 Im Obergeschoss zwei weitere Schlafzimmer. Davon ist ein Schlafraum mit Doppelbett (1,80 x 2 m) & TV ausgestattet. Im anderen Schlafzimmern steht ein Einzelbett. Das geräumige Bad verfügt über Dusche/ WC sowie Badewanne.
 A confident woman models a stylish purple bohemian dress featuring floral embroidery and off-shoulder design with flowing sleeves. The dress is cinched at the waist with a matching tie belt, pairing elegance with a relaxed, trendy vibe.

========

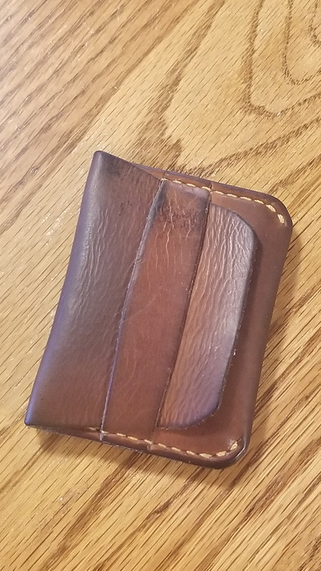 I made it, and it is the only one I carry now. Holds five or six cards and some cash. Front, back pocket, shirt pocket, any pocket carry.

========

Task goal:
Every line above from the line with "Im Obergeschoss zwei" to the line with "A confident woman", both included, must be reproduced exactly, and no other line may appear.

Result:
 Im Obergeschoss zwei weitere Schlafzimmer. Davon ist ein Schlafraum mit Doppelbett (1,80 x 2 m) & TV ausgestattet. Im anderen Schlafzimmern steht ein Einzelbett. Das geräumige Bad verfügt über Dusche/ WC sowie Badewanne.
 A confident woman models a stylish purple bohemian dress featuring floral embroidery and off-shoulder design with flowing sleeves. The dress is cinched at the waist with a matching tie belt, pairing elegance with a relaxed, trendy vibe.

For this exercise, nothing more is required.